In the last installment, I talked about two mods that can be performed on 95 percent of pedals out there—the often-requested “more bass” coupling capacitor replacement and the “bias knob” voltage starvation knob, done three ways. These two simple mods can impact the sounds of your pedals in ridiculously toneful ways and cost under a dollar to implement. In this installment, I will talk about specific pedals and which components have the most impact on the overall sound.
Before I begin, I offer the same disclaimer I offered on the last installment:
Neither I, nor Tone Report Weekly bear any responsibility for any kind of personal or property damage that may occur as a result of the instructions provided herein. Legal mumbo-jumbo aside, we ask that readers be familiar with a soldering iron and its accompanying safety procedures before trying anything listed here. Furthermore, if a pedal worked before trying any mods and it doesn’t anymore, it’s through no fault of these instructions, as I’ve personally performed every mod listed, some several times over.
Big Muff: Emitter Resistors, Coupling Capacitors, Tone Stack
Have you ever stopped and wondered how the Big Muff has about 500 variants from its original manufacturer, and yet it’s still one of the most fun circuits to dissect and rebuild? The short answer: There’s so much going on in the circuit, and slight changes to certain values have massive effects on the sound. In particular, the biggest impact on the sound is found by swapping out only a few components. The Pete Cornish G2 is one of the definitive ultra-boutique overdrives, and it is even based on a Big Muff circuit. That’s right, messing with some of the components in a run-of-the-mill Big Muff can result in such an overhaul that overdrive occurs.
So yes, emitter resistors. The four little black things with three legs on a standard Muff circuit board are called transistors. These three legs correspond to three parts of a transistor: emitter, base and collector. That said, emitter resistors are those resistors that run from the transistors’ emitters straight to ground. On a stock Big Muff, transistor 1’s (herein referred to as “Qx”) emitter resistor is 100 ohms (brown-black-brown bands), and both Q2 and Q3’s emitter resistors are 390 ohms (orange-white-brown bands), and Q4’s emitter resistor is 2k (red-black-red bands). Decreasing all of these values leads to much more gain (be careful with Q4, though). In fact, one of the first-ever boutique Muff clones, the Sustain Punch Creamy Dreamer, omitted these resistors entirely and tied Q1–Q3’s emitters straight to ground for maximum gain.

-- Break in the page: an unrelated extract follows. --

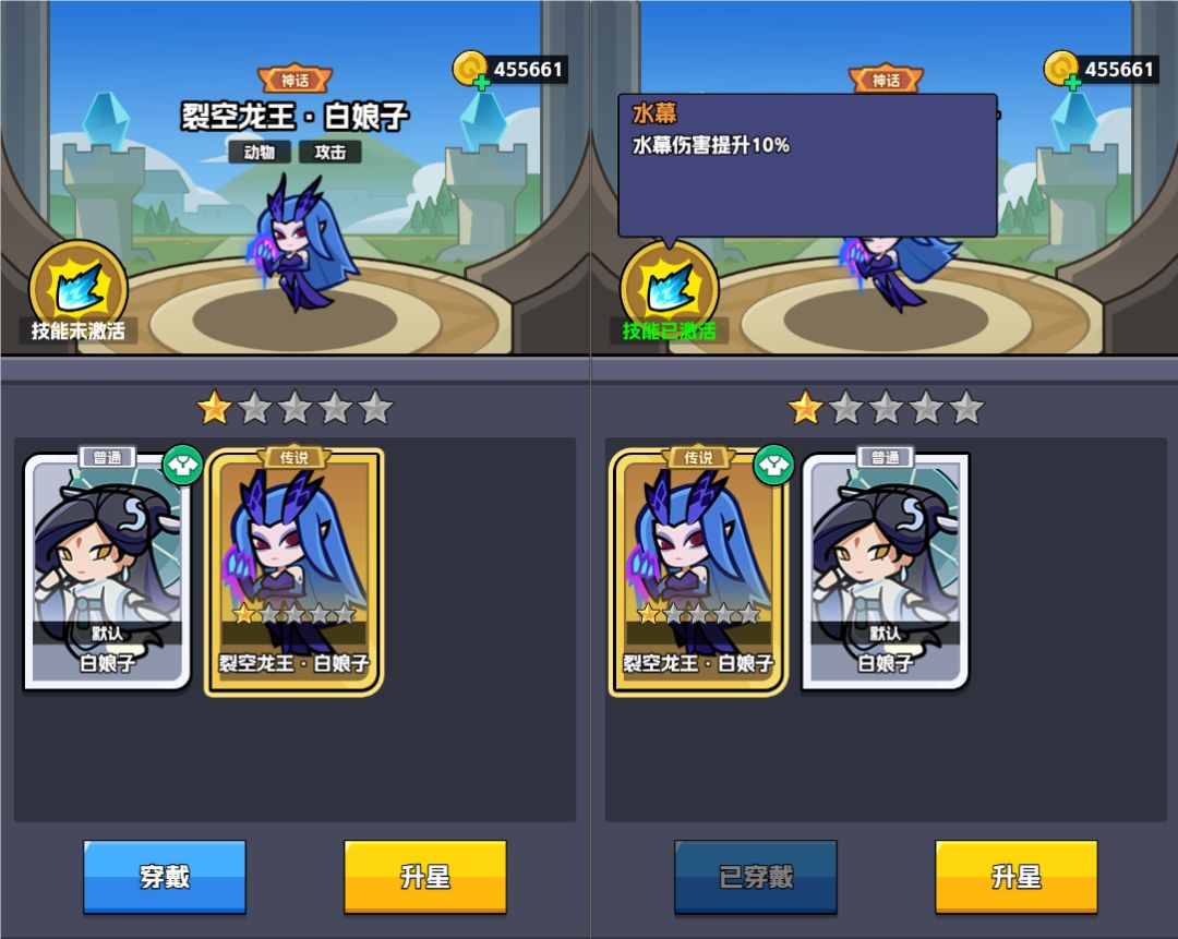 譬如上图中,白娘子穿戴“裂空龙王·白娘子”的皮肤后,将使水幕技能伤害提升10%。

Remember when I said “more bass” is achieved by upping the input and output capacitors? Well, that is still true, but Big Muffs have quite a few coupling capacitors in order to keep bass amounts level throughout. The Big Muff has six of them. On a current-issue Big Muff, these capacitors are all 1μF non-polarized (meaning there is no defined positive or negative leg) film capacitors. Luckily, there are only eight such caps in the pedal. The two capacitors that aren’t coupling caps can be identified by what its legs lead to; one leg should lead to the diode pair, the other should lead to a 470pf cap, a 470k resistor (yellow-purple-yellow bands), a 100k resistor (brown-black-yellow bands) to ground, and the base (center leg) of Q2 and Q3. These are DC blocking caps that set the frequency range to be clipped, and that’s a whole other story. In general, these will always be the capacitors touching the diodes with one leg and the transistor base with the other, regardless of which Muff type you’re working with. The thunderously bassy early-model triangle Muffs used huge 3μF coupling caps and the sound is as bassy as one would expect. Many doom players rely on the Black Arts Pharaoh to bring the brutal; the input and output caps on that pedal are a robust 10μF.
Thirdly, there’s one property of Muffs that everyone can agree on: Where’s the mids? Muffs typically have a scooped sound, but it’s actually very simple to “add mids” back in to the mix, so to speak. Placed between lug three of the Tone control and Q3’s collector (looking at the transistor from the top down, the collector is on the top when the curved part is facing left). Usually, this value is somewhere around 0.0033—0.004μF. Swapping it out for something bigger (try 0.01μF) results in a big mid push.